You also spent many years in Syria doing research in your field. It must be very disheartening to see a place where you lived and dedicated so much of your academic career get destroyed in the ongoing Civil War. How has this experience been for you? 

I was not able to do my PhD research in Lebanon because by then it was in the midst of an even more terrible stage of its war, so I went to Damascus, Syria where I did the archival research that produced my doctoral dissertation. I went back to Syria many times with my family after that to either just visit for fun and see friends, or conduct more research for my book, A Small Town in Syria: Ottoman Hama in the Eighteenth and Nineteenth Centuries (2002). We continued to return to Syria often in the 2000s, the last time we visited was in 2010. So it has been terrible to observe the destruction of Syria and the tragedy of Syrians whose lives have been destroyed by warfare since 2011. 

In your view as a veteran in Middle Eastern Studies, what are the latest questions and trends being investigated by new students in the field that did not exist when you first started your career? 

Gender and sexuality are very hot topics in Middle Eastern Studies. Basically, looking at the way that you write or consider a gendered history, that is not what we understood 20 or 30 years ago as feminist history; it is a different concept altogether. Now there is a focused look at gender as a fundamental building block, the way society is structured and the way language is formed and the way history is understood, that is something that’s generated a lot of literature recently. And then there is the whole question of what is ‘modernity.’ It is not simply a chronological thing that “Oh, now we’re in the modern period, or now we’re modern,” but there is a whole set of cultural and ideological questions around what is modernity. That’s why it is important to give opportunities for new blood to join university departments, because every generation of students has a different experience. It’s always a dynamic and fast-moving field. History is never dull and it never stands still. The more the merrier, the more voices the better. 

Did the COVID-19 Pandemic and the shift to online classes at UofT influence your decision to retire sooner?

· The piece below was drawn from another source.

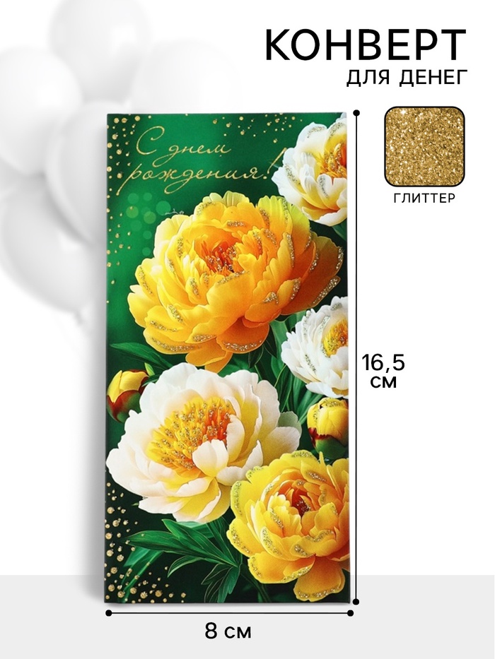 Конверт для денег «С днем рождения!»5, глиттер, 16,5 × 8 см

One does slow down a bit as you get older and I had already decided two or three years ago that I’d retire at this time. Besides, I think it is time to open the door and bring in some new blood to invigorate the field, and to bring new perspectives and new questions forward. But the Pandemic has made it a more unexpected final three years. I mean, the fun part of teaching is having an audience and being in a room with people. A very important aspect of having classes with other people is the potential of developing a community. Students learn as much from each other as from their professors, so I’m very happy when I walk into a classroom and I hear the buzz that is already going on, or when students leave in groups after class, talking about whatever is going on in their lives. That community is really important for learning and you just can’t do that when you are staring at a screen. 

And what are you looking forward to during your retirement? Will you be still involved with the NMC department? 

Now I have a couple of little grandchildren who are delightful and I am looking forward to spending more time with them. I will continue to be involved. I still have PhD students that I am supervising so I will continue to be engaged with them and their work. Also, I might be on other student PhD committees, depending on the need. As the university returns to in-person activities, there ought to be guest lectures and events that will continue to be of interest to me. So I will be leaving the teaching ranks, but I will not be leaving UofT entirely!

Author’s note: For those more interested in the Syrian Civil War and Professor Reilly’s work in regard to it, they can refer to his 2019 book, Fragile Nation, Shattered Land: The Modern History of Syria.

This interview has been edited for length and clarity.